Je lève la tête vers Zac, clignant des yeux pour reprendre mes esprits. Je suis dans l'infirmerie. Du château, pas chez nous.

- Tu veux qu'on fasse une pause ? m'interroge-t-il, reposant la seringue sur la petite table en métal à côté de lui.

Je secoue la tête, lui adressant un sourire se voulant rassurant.

- Non, non, c'est bon.

Il étudie un instant mon visage, puis reprend avec précaution le contenant du tonique qu'il m'injecte doucement. Je ne regarde pas son geste par peur de retourner dans mes pensées. Ce n'est pas une prise de sang. Je n'ai rien à craindre. Plus rien à apprendre. Je sais tout, à présent.

Mince, je recommence.

- Ça aura quel effet ? demandé-je alors d'un coup pour m'empêcher de penser.
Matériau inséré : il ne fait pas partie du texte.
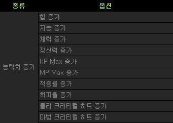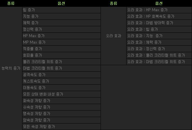 * 장비 부위마다 적용 되는 옵션은 아래와 같습니다.(아래 표를 참고)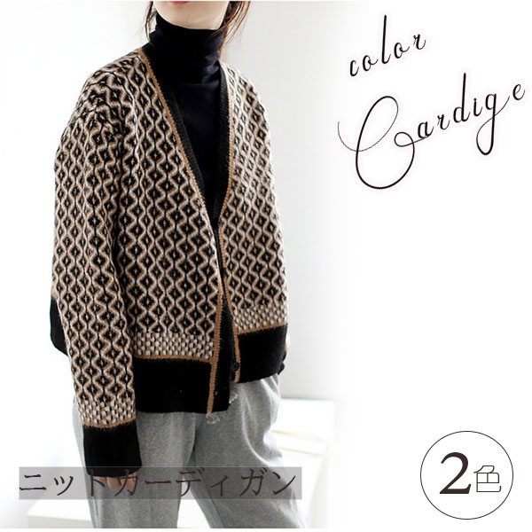 店長イチオシ ニットカーディガン レディース 幾何学柄 ジャガードニットカーディガン 配色ダイス柄 アーガイル柄 トップス アウター ニット 秋冬 着痩

Zac sursaute et me regarde d'un air interloqué.

- C'est juste un concentré de vitamines et de plantes, pas de la drogue, plaisante-t-il.

Appuyant délicatement sur la seringue, il ajoute :

- Ça t'aidera juste à récupérer vite. Pour pas que tu nous fasses un coma de quatre mois, par exemple.

Je souris. J'hésite un peu. Je l'observe retourner à sa tâche, concentré, les cernes sous ses yeux un peu masqués par l'éclat vibrant de ses iris. Je vois cependant les traits tirés sur ses pommettes, le contour serré de sa mâchoire. Je peux presque sentir l'inquiétude et la fatigue battre de lui. Mais je n'ose pas lui dire que ça ne servira à rien d'attendre toutes les nuits aux côtés de Joyce. C'est ce qui le fait tenir. Je crois que j'aurais fait pareil. Et parmi tous mes amis, je suis la seule qui n'a pas dû attendre une éternité le réveil d'un des leurs.

- J'ai parlé avec Jake, déclare-t-il alors, comme s'il avait lu dans mes pensées. Ne t'inquiète pas, je ne passe mon temps à ruminer dans le noir.

Il tapote sur mon avant bras et repose la seringue vide sur la table avant de me regarder.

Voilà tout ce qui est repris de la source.